Once you reach the line with "さくら組のお友達は,ソフト積", transcribe it and every line after it to the end of the records, exactly, but not the pictures.

Data supplied Start Marker

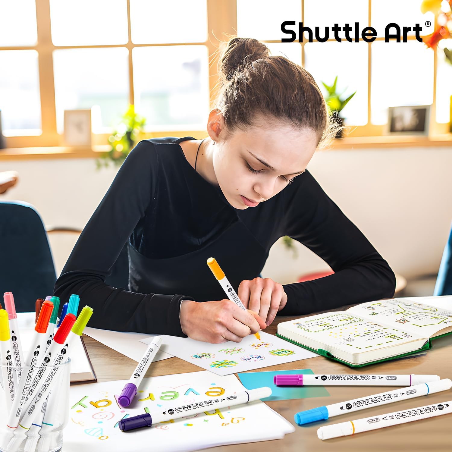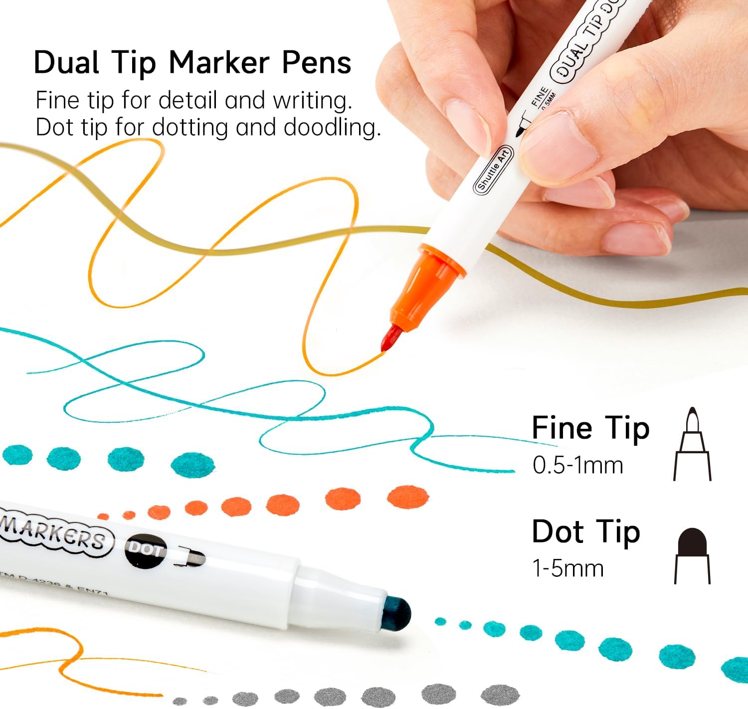 Shuttle Art 18 Colors Dual Tip Dot Marker Pens for Kids Adults, 18 Classic Colors, 0.8mm Fine Tip and Flexible Dot Tip for Journaling, DIY Crafts, Scrapbooks
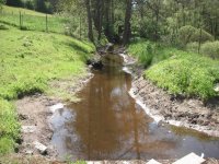 Náhon spadající pod areál mlýna, přivádí vodu ke mlýnu směrem od západu.
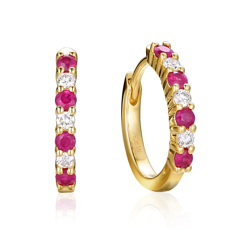 These exquisite 9ct yellow gold hoop earrings featuring round-cut ruby accents create an opulent statement. Each earring holds 2mm rubies, set in 0.14 carat tw to add a touch of sparkle and glamour to any look. Be the envy of all with these timelessly elegant hoops.
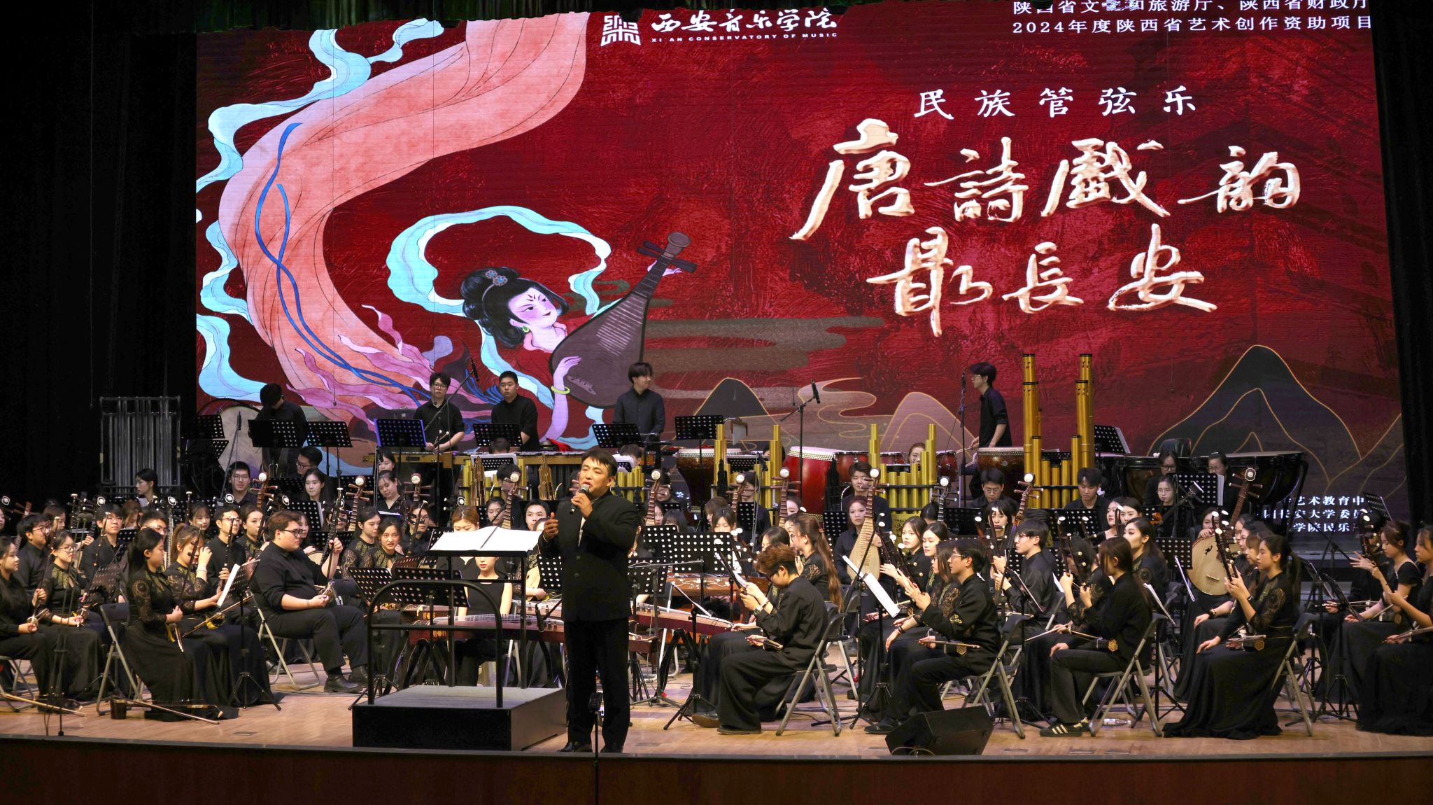 本场音乐会精选18首原创及经典作品,由高伟执棒西音民族管弦乐团演奏,西音师生倾情献唱。上半场《忆长安·十二咏》组曲以唐诗为骨,通过管弦乐与声乐的多元技法,铺陈出盛唐长安的四季画卷。下半场民族器乐独奏,唢呐的激昂、民族打击乐的磅礴与二胡的婉转交织演绎《赛马》等经典旋律;87版《红楼梦》经典歌曲将宝黛情愫化作音符,展现传统戏曲与现代编曲的碰撞。
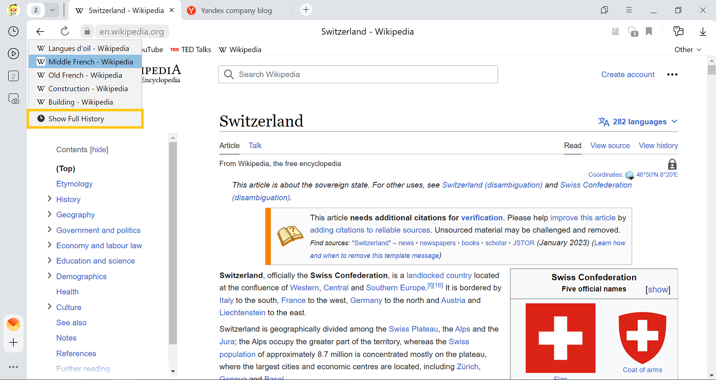 The tab history contains the last 12 pages that were open. If you don't find the page you are looking for on the list, go to your entire history. The entire history contains sites that you visited in the last 90 days. If you need the site for a longer period, save it in your bookmarks.
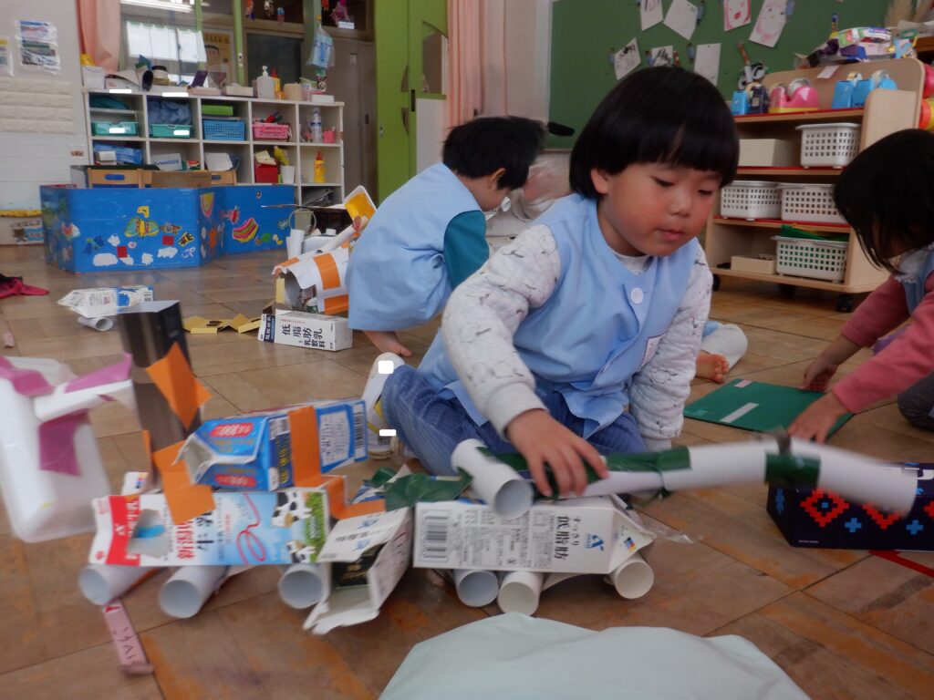 さくら組のお友達は,ソフト積み木を積んで病院を作りました。牛乳パックの中には,お薬が入っています。
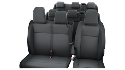 - I rząd: Fotele przednie 2+1 dwuczęściowe pasy z siedziska i oparcia podłokietnik kierowcy zagłówki 3

Data supplied End Marker

**Your solution**
 さくら組のお友達は,ソフト積み木を積んで病院を作りました。牛乳パックの中には,お薬が入っています。
 - I rząd: Fotele przednie 2+1 dwuczęściowe pasy z siedziska i oparcia podłokietnik kierowcy zagłówki 3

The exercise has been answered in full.